=== COLLECTED MATERIAL ===

^^^^^^^^^^^^^^^^

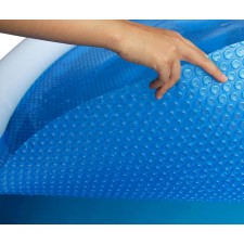 Dimensions : Ø 6 m x e. 180 micron. - bulle : Ø 16 mm. Poids : 6,8 kg. Résistante aux rayons UV. prédécoupée, redécoupable et non bordée.
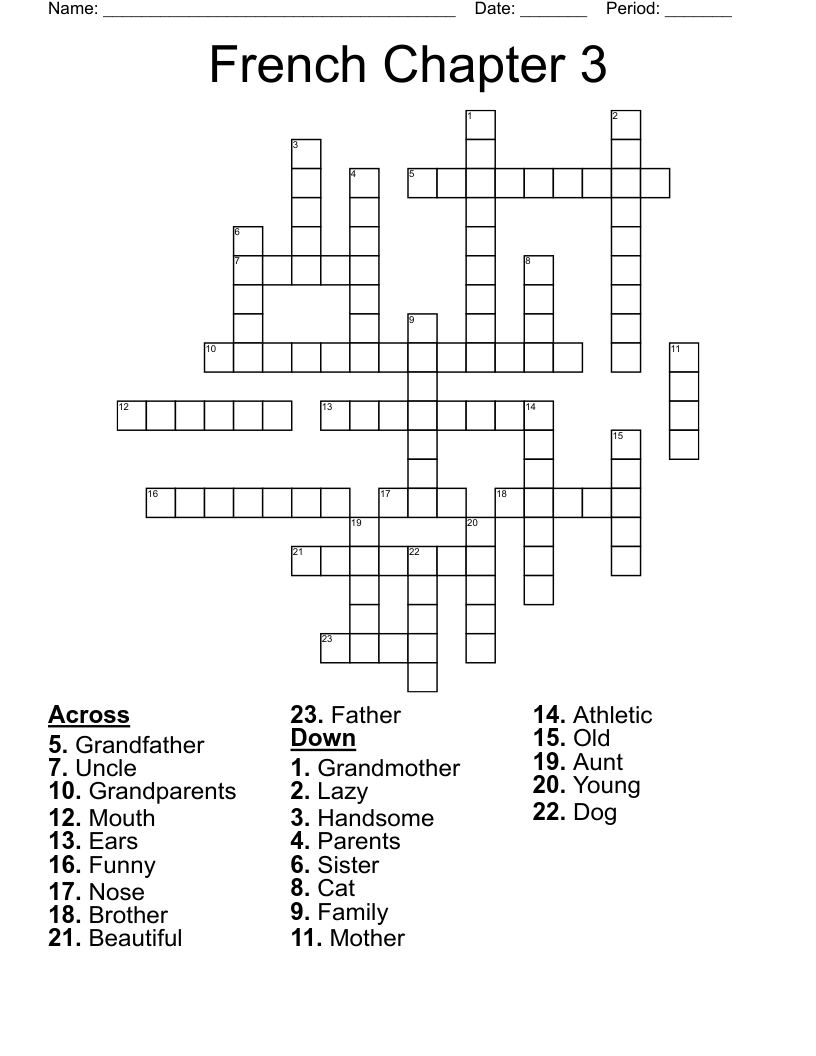 French Chapter 3 Crossword WordMint
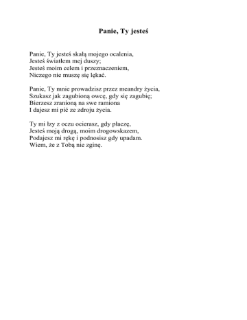 Panie, Ty jesteś Panie, Ty jesteś skałą mojego ocalenia, Jesteś światłem mej duszy; Jesteś moim celem i przeznaczeniem, Niczego nie muszę się lękać. Panie, Ty mnie prowadzisz przez meandry życia, Szukasz jak zagubioną owcę, gdy się zagubię; Bierzesz zranioną na swe ramiona I dajesz mi pić ze zdroju życia. Ty mi łzy z oczu ocierasz, gdy płaczę, Jesteś moją drogą, moim drogowskazem, Podajesz mi rękę i podnosisz gdy upadam. Wiem, że z Tobą nie zginę.
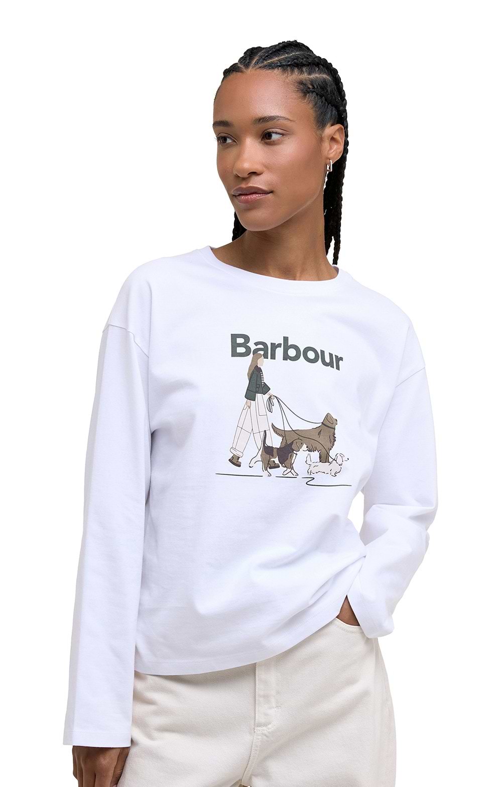 The ladies Barbour Woodhouse long sleeve t-shirt offers relaxed comfort with its oversized fit and charming dog walking graphic on pure cotton.

^^^^^^^^^^^^^^^^

=== YOUR OBJECTIVE ===
Give the data above again in full and unchanged, skipping the pictures.

=== SOLUTION TO THIS PROBLEM ===
 Dimensions : Ø 6 m x e. 180 micron. - bulle : Ø 16 mm. Poids : 6,8 kg. Résistante aux rayons UV. prédécoupée, redécoupable et non bordée.
 French Chapter 3 Crossword WordMint
 Panie, Ty jesteś Panie, Ty jesteś skałą mojego ocalenia, Jesteś światłem mej duszy; Jesteś moim celem i przeznaczeniem, Niczego nie muszę się lękać. Panie, Ty mnie prowadzisz przez meandry życia, Szukasz jak zagubioną owcę, gdy się zagubię; Bierzesz zranioną na swe ramiona I dajesz mi pić ze zdroju życia. Ty mi łzy z oczu ocierasz, gdy płaczę, Jesteś moją drogą, moim drogowskazem, Podajesz mi rękę i podnosisz gdy upadam. Wiem, że z Tobą nie zginę.
 The ladies Barbour Woodhouse long sleeve t-shirt offers relaxed comfort with its oversized fit and charming dog walking graphic on pure cotton.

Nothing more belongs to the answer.